# Orlando 4/1-4/8



## mickeyfanz (Feb 15, 2018)

Looking for a unit in Orlando April 1-8 that will sleep a minimum of 5 people - we may have 3 more join us if we have something that sleeps 8 but we definitely need to sleep 5.

Need Sun-Sun check-in so that we can check out on April 8th. We will also consider partial weeks as long as checkout day remains the same.
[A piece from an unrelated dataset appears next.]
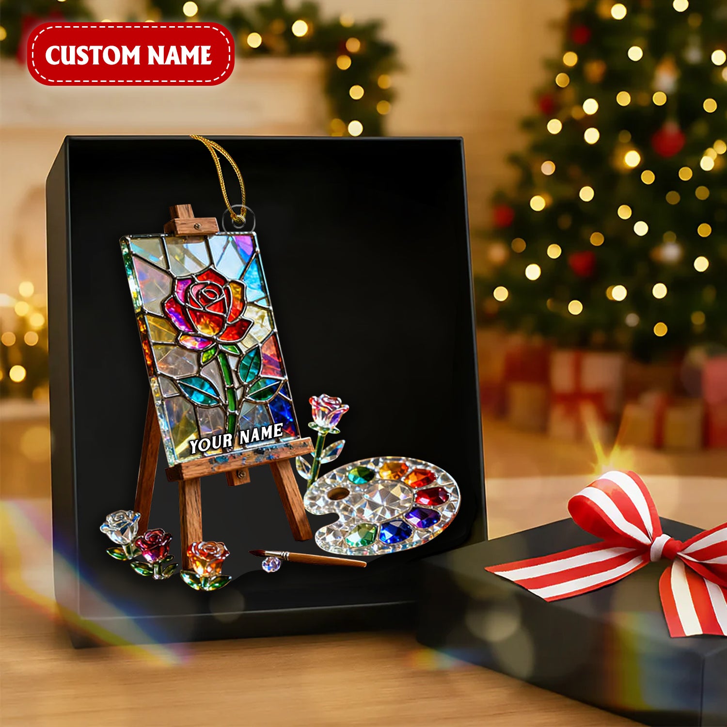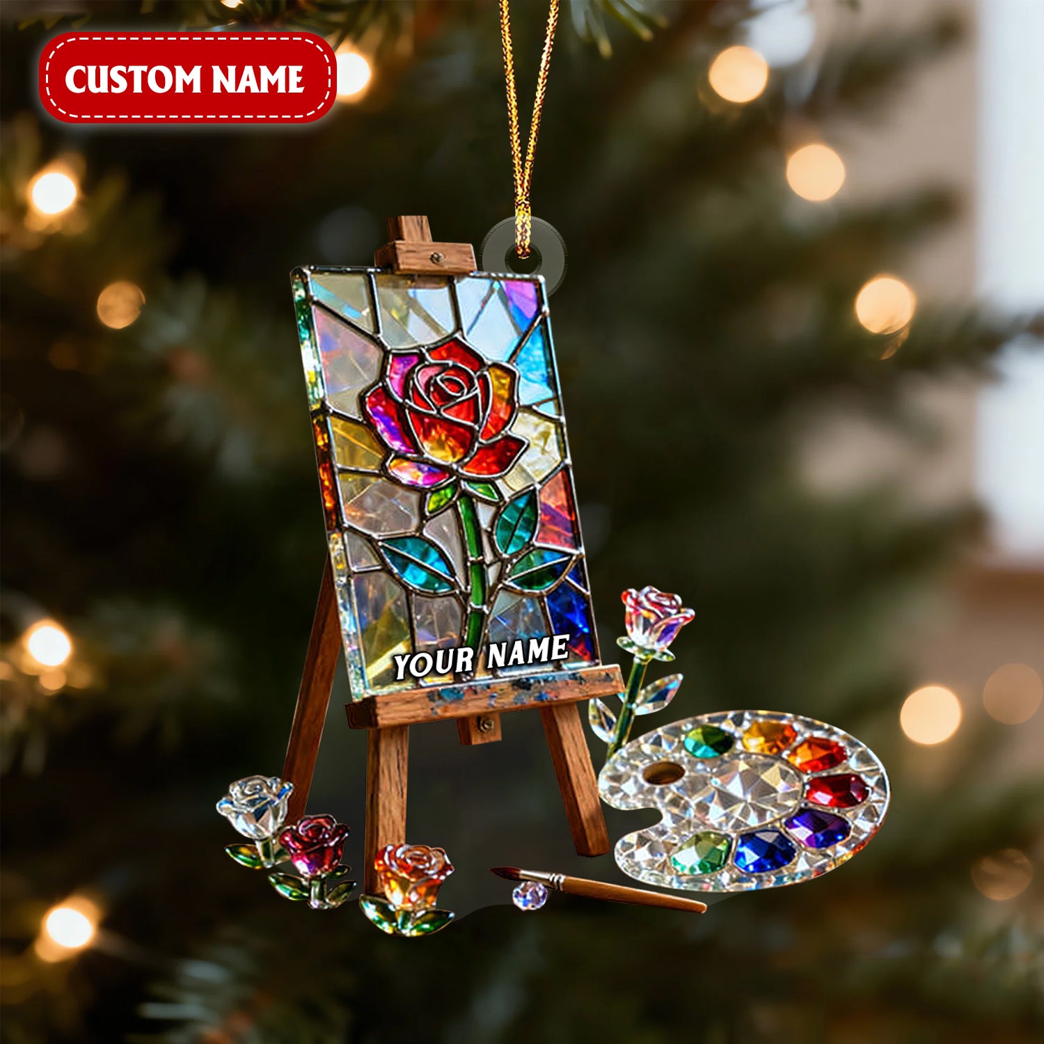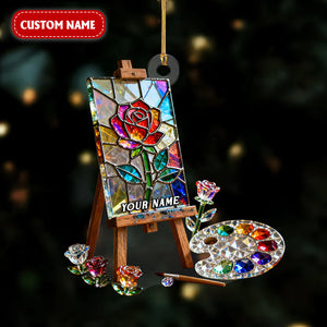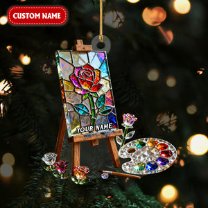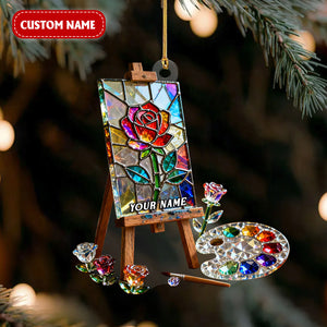 Rose Art Easel Stand Custom Name Stained Glass Effect Acrylic Ornament, Xmas Decor, Artist Christmas Ornament

Please let me know if you have anything that would work for us!
Cindy


----------



## talsal (Feb 15, 2018)

mickeyfanz said:


> Looking for a unit in Orlando April 1-8 that will sleep a minimum of 5 people - we may have 3 more join us if we have something that sleeps 8 but we definitely need to sleep 5.
> 
> Need Sun-Sun check-in so that we can check out on April 8th. We will also consider partial weeks as long as checkout day remains the same.
> 
> ...


As of 6 days ago, there was availability at Bluetree Resort.  2 bedrm sleep 6
Let me know if that works


----------



## connect1 (Feb 18, 2018)

We have a 2 bedroom oceanfront Ormond Beach (approx. 1 hour from Orlando) only sleeps 6. Sunday to Sunday April 1-8 2018.


----------



## mickeyfanz (Feb 18, 2018)

connect1 said:


> We have a 2 bedroom oceanfront Ormond Beach (approx. 1 hour from Orlando) only sleeps 6. Sunday to Sunday April 1-8 2018.


Thanks - we will be doing the parks so prefer Orlando otherwise we’d love this!


----------



## mickeyfanz (Feb 18, 2018)

talsal said:


> As of 6 days ago, there was availability at Bluetree Resort.  2 bedrm sleep 6
> Let me know if that works


Can it be rented for 3 nights 4/5-4/8?


----------